The management of head and neck cancers, especially for advanced cancers can be complex but in general, the following principles apply:

  1. Early stage cancers usually need one mode of treatment (either surgery or radiotherapy)
  2. Advanced stage cancers usually need at least 2 modes of treatment (either surgery with radiotherapy, or radiotherapy with chemotherapy)
  3. The use of chemotherapy with radiotherapy (as opposed to surgery and radiotherapy) has the advantage of enabling preservation of the tissues and organs from which the cancer arises (and hence in theory preservation of functions like swallowing and speech). Equivalent cure rates can be achieved with either option in some instances. However this is not always the case. Depending on the location and size of the cancer, the choice of surgery and radiotherapy may be preferable over chemoradiotherapy to achieve better cure rates. Additionally, some cancers are best treated with surgery and radiotherapy rather than radiotherapy and chemotherapy. Your specialist is best placed to explain this to you.
  4. Whether or not a patient is suitable for surgery and radiotherapy or chemotherapy and radiotherapy also depends on many other factors, such as age of the patient, health in general and current function of the organ from which the cancer arises.
  5. Sometimes, very advanced cancers are best treated with all 3 modalities (surgery, radiotherapy and chemotherapy)

What is the prognosis and cure rate?

This varies greatly depending on the stage of tumor and type of tumor. Clinicians often talk about 5 year survival rates, as it is premature to say a patient is cured till at least 5 years have elapsed.

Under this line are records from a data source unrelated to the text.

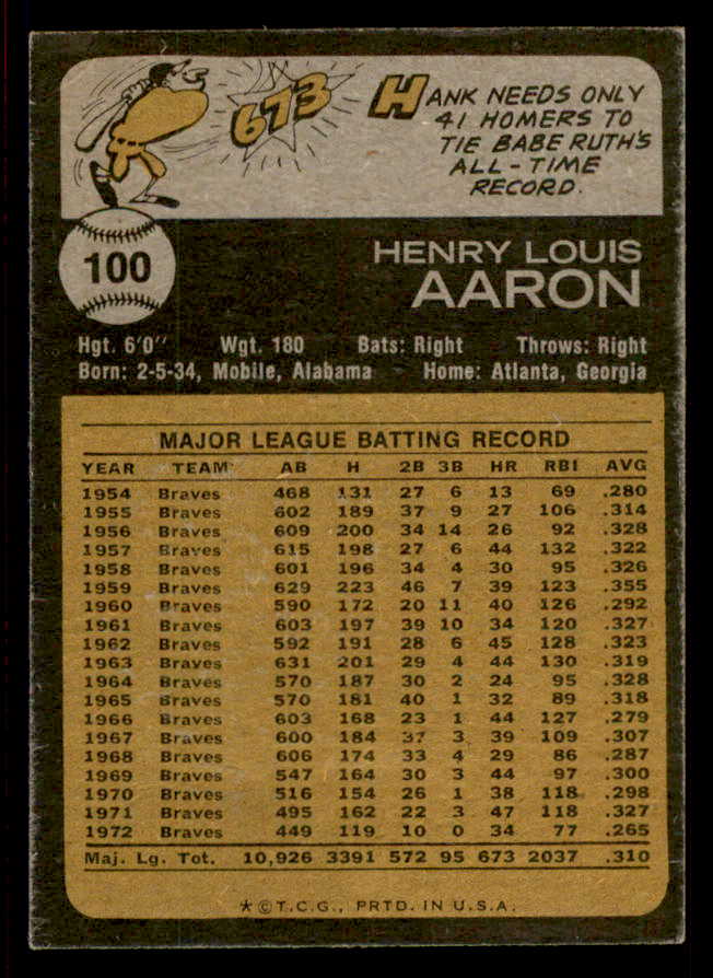 1973 Topps Baseball #100 Hank Aaron Braves VG-EX 542297
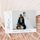 Este cartões de agradecimentos de casamento de dois lados apresenta um design preto e branco minimalista com elegante caligrafia moderna. A frente exibe uma mensagem simples "Obrigado", enquanto a parte traseira oferece espaço para sua nota personalizada. Uma forma eterno e na moda de expressar sua gratidão aos convidados depois de seu dia especial.
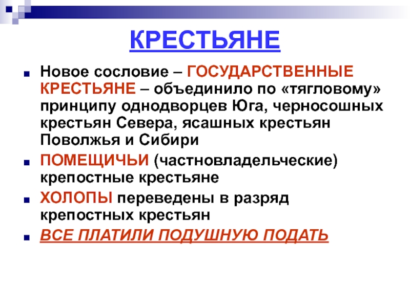 частновладельческие (помещичьи, крепостные), удельные или дворцовые (принадлежащие царской семье), черносошные (свободные общинники)
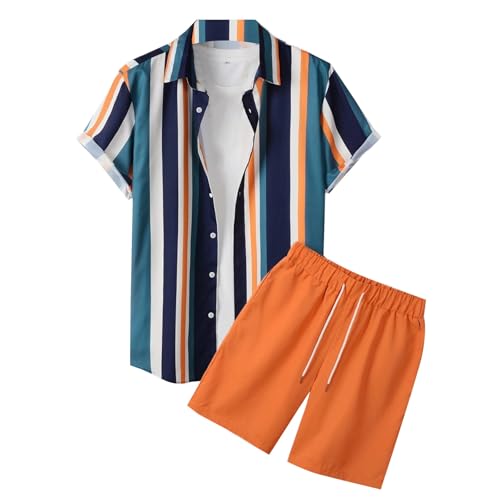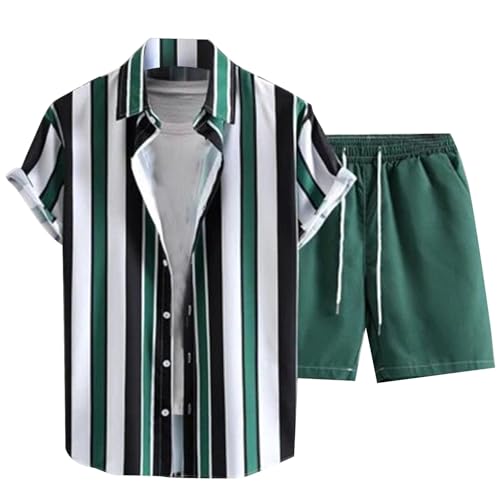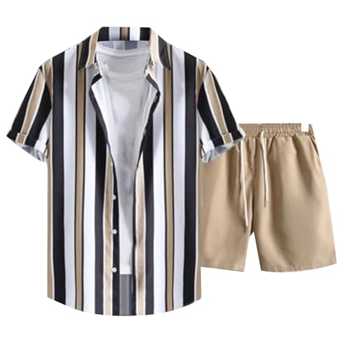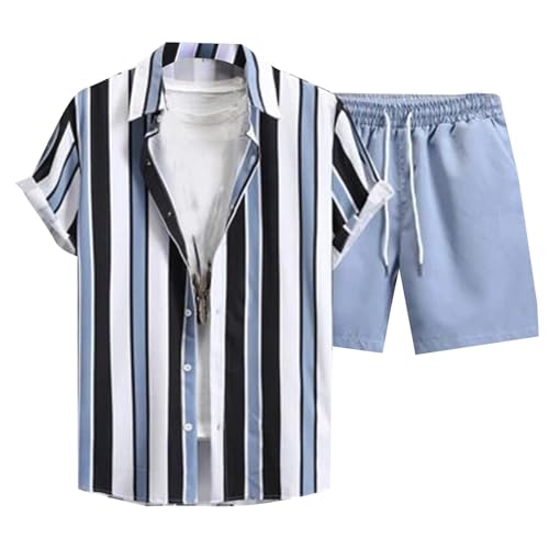 Ensemble Chemise Short Homme Grande Taille Eté Tee Shirt Manches Courtes Imprimé à Rayures avec Boutons Short Baggy Taille élastiquée avec Cordon Casual LéGer Respirant de Plage Vacances Tenues

In general, the 5 year overall survival rate is about 70-90% for early stage cancers and 30-50% for advanced stage cancers. However, certain cancers like nasopharyngeal cancers, some oropharyngeal cancers, voice box and most thyroid cancers have a much better prognosis then the general figures.

What are the side effects of treatment?

Many patients are naturally worried about the side effects of surgery, radiotherapy and chemotherapy. They are in particular worried about the effects of treatment on physical functions such as speech and swallowing. These worries are well founded, but this should not stop the patient from undergoing treatment. The reason for this is that if the cancer is left untreated, these very functions will be severely affected nonetheless by the growth of the cancer.

Your specialist will discuss with you the best treatment options available to achieve a cure, yet ensuring optimal bodily functions such as speech and swallowing. When surgery is performed, there are certain “procedures” that can be performed to ensure better speech and swallowing outcomes. For example, a patient with a tongue cancer that requires surgery to remove the tongue cancer may in certain situations, benefit from having his/ her tongue reconstructed by a reconstructive surgeon to optimise speech and swallowing. Another example would be in patients that have to undergo voice box removal for treatment of laryngeal cancer. A small operation (Tracheo-esophageal puncture) will allow the patient to develop natural speech with the help of a speech therapist.

Head and neck Cancer Service at TTSH

Here at TTSH, we believe that your first treatment for head and neck cancer is the most important as salvage cases are more difficult to cure. Hence the type of treatment you receive on initial diagnosis is very important. At the same time, we realise that surviving a head and neck cancer is an entire journey, a journey that we will take with you.